Шелест долго стоял зачарованный. Все заботы отошли далеко, стали мелкими и ничтожными. Наплывом, без горечи, думалось и о том, что дети уже не те, уходят, и он сам им все менее нужен. Что ж! Дети растут, отдаляются, так было всегда, теперь это ускорилось, и не могло быть иначе, потому что ускорилась жизнь. Смел ли он в своем детстве мечтать о подобной, запросто, прогулке на Луну? Но если фантастика, не успеешь оглянуться, становится явью, то поколения, как никогда прежде, должны отличаться друг от друга. Иначе все замрет в таком вот лунном оцепенении. Как замер он сам, как замерли дети...
Дети?
Он очнулся. Не веря глазам, огляделся. Никого не было рядом, никто не стоял позади, дети ушли бесшумно. Цепочка крадущихся следов, огибая скалу, вела по пологому скату вниз.

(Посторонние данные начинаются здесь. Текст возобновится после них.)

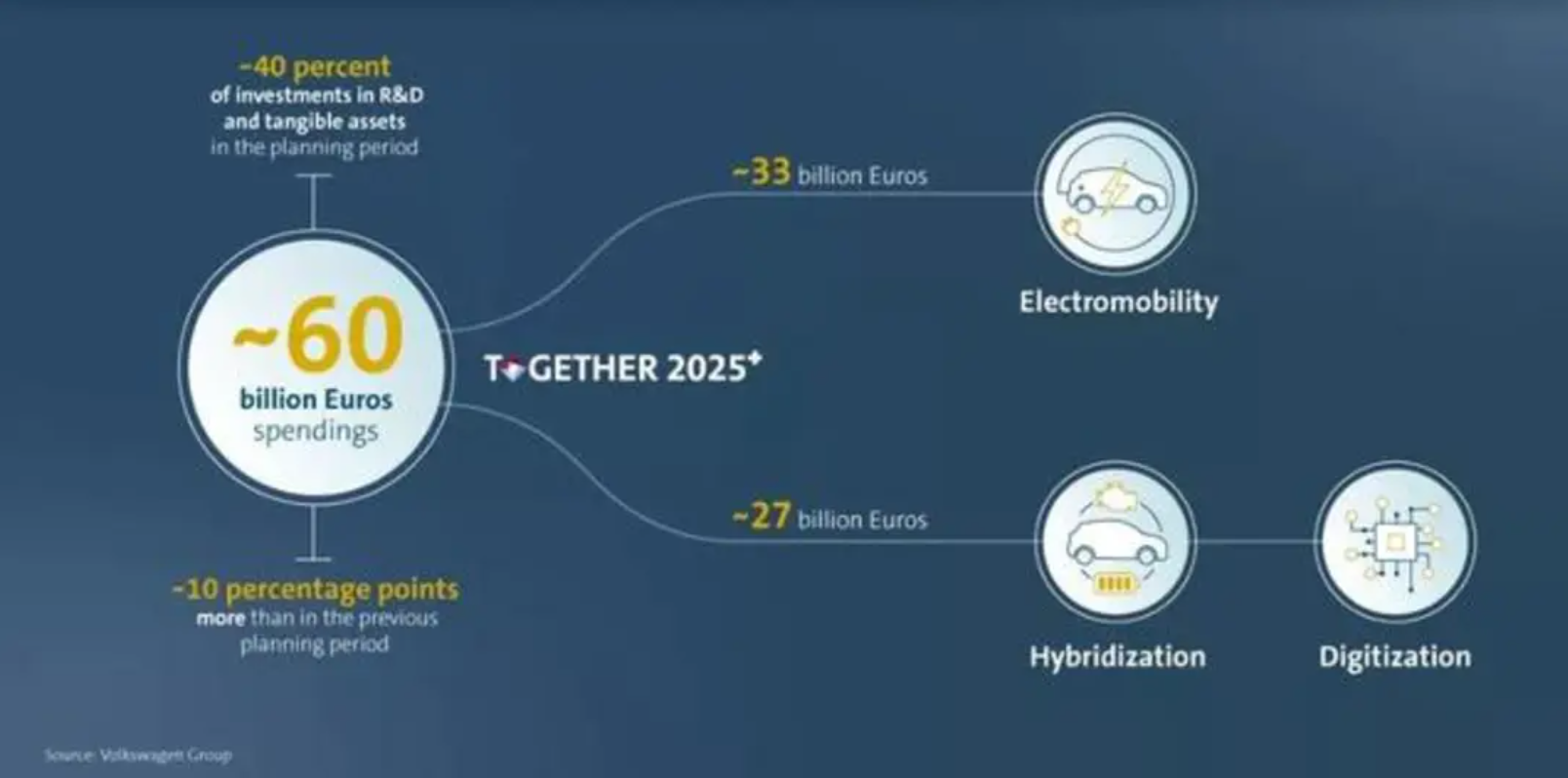 2019年,大众在2020-2024年的五年投资计划时就宣布,大众将在这5年时间内投资600亿欧元(约4646以元人民币),其中330亿欧元用来发展纯电技术,剩下的270亿欧元则由于混动车和数字化领域的研发。

Шелест задохнулся от растерянности, испуга, гнева.
- Олег, Антон!..
Слова канули в беззвучие.
- Олег, Антон!!!
Он ринулся вниз. И услышал приглушенный смех.
Тогда он все вспомнил и понял. Не он ли еще на Земле обещал детям эту вечную, как мир, игру, посулил ее именно здесь, в кратере, в лунных тенях?
Но игра по подсказке и на поводке - уже не игра, что угодно, только не игра.
Снова раздался прерывистый смех.
- Ищи нас, папа, ищи...
Только на Луне можно не опасаться, что голос выдаст место, где ты спрятался. И только лунные тени позволяли стать невидимкой в пределах взгляда того, кто ищет.
- Ау, папа, мы здесь!..
Шелест перевел дыхание. Их следовало выбранить за самоволие, но... Тот, посторонний, не мог участвовать в этой игре, ни в какой игре, где требовалась сметка, изобретательность, общность.
И вообще человек начинается со слова "сам".
- Раз, два, три, четыре, пять! - звонко, как в детстве, закричал Шелест. - Я иду искать!..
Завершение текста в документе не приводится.